3.3. HOF development cycles and MGA data processing

As discussed in Section 2.4, the initial source of pipeline design within HOF is expert and empirical knowledge of core processing algorithms. Figure 6 details the process for refining heuristic statements at each pipeline development cycle.

Figure 6.

Figure 6

Pipeline development cycle within HOF

When the development stage of each cycle is completed, a pilot set of clinical studies is processed with the new version of the pipeline, and the quality of output is assessed by a quality control procedure. This procedure can be more broad or specific depending on intended dataset use. In the case of MGA, where resulting datasets are intended for ROI analysis of coregistered physiological parameter maps, a reviewer estimates closeness of atlas-aligned image to overlaid atlas contours and visual quality of physiological parameter maps using mosaic views (Figure 4). The source of each error is identified, and processing errors that are due to algorithmic issues are compiled into a list, driving the development of the next cycle. A representative example of error analysis for the third HOF development cycle of MGA is shown in Table 5.

Table 5.

Cause of Failure analysis on CONDR CARS used in MGA development cycle 3

Identified primary cause of failure Category % of all errors
Failed automatic detection of DTI sequence orientation Algorithmic 40
Poor registration Registration 13
Perfusion processing did not complete Algorithmic 10
Perfusion/diffusion sequence parameters are incorrect Administrative 8.6
High EPI distortion MR artifact 7.1
Failed atlas registration Registration 7.1
Missing sequence Administrative 5.7
Registration of T2 image to atlas failed Registration 4.3
High distortion of brain anatomy Registration 2.9
Unable to identify DTI directions Administrative 1.4

We assume that CARS coming from a single source are inherently more homogeneous, so heuristics for each imaging location or institution tend to form repeatable patterns in processing logic. It is therefore important to select the composition of CARS from all available data sources for a pilot set used at each HOF development stage. In the case of MGA, each pilot CARS included SNI and WUSTL studies whenever possible.

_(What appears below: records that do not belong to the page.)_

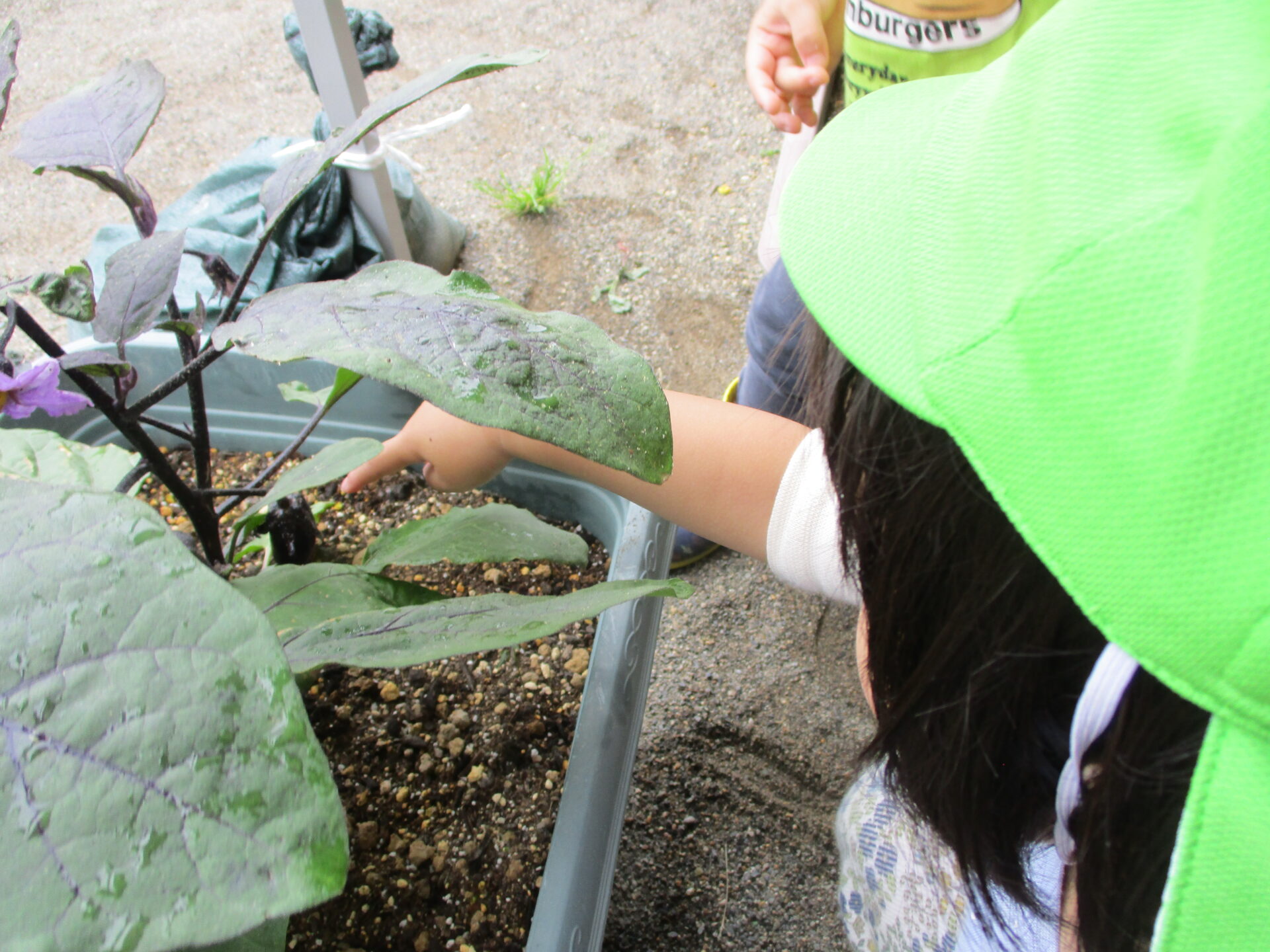 ・毎日ナスを見る中で葉っぱが垂れていることを発見。保育士に「(ナスが)元気ない」と教えてくれました。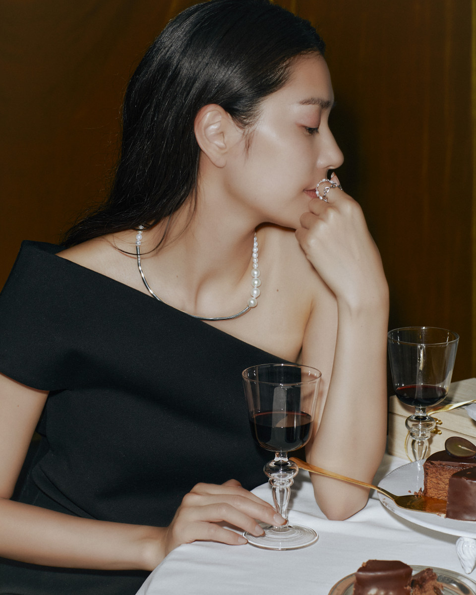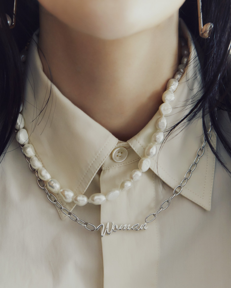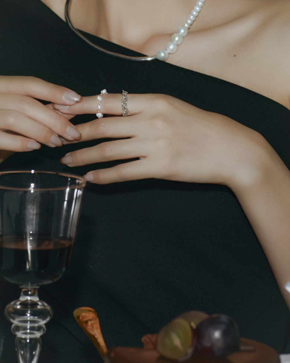 淡水パールニュアンスリンクチョーカーネックレス(シルバー)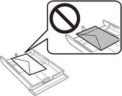 Заредете пликове със страната за печат надолу към предния водач за хартия.

The first set of studies processed by MGA included data from 30 preoperative patients from CONDR study. Seven of these were acquired at SNI and 23 at WUSTL. Out of these, 19 patients had a presumptive diagnosis of glioblastoma, one and two had grade III and grade II gliomas, respectively, and the other eight had recurrent primary, metastatic or other types of intracranial tumors. The second set included the first one and added new subjects that were enrolled in the CONDR study over time (see (Fouke et al. 2013) for the CONDR study inclusion criteria). The third and current sets expanded to three other neuro-oncology research projects and include over 160 unique studies of subjects with both primary and secondary (metastatic) brain tumors, with most MRI performed before treatment and a cohort of eight studies acquired after gamma knife radiosurgery. The rate of non-unique studies processed by MGA from 2010 to 2014 is illustrated on Figure 7a. Note that the queued studies number reflects all collected studies presumed to be processed during corresponding time period. Lower number of actually processed studies in the first two years resulted mainly from insufficient analysis automation and lack of dedicated resources, whereas the much smaller difference in the last two years (when the resource dedication did not change) is due mainly to the studies with key sequences missing or of unacceptable acquisition quality.

Figure 7.

Figure 7

a) MRI studies of patients with primary and metastatic brain tumors queued for processing by MGA and actually processed (non-unique) each year; b) overall complexity of manual MGA configuration by development year.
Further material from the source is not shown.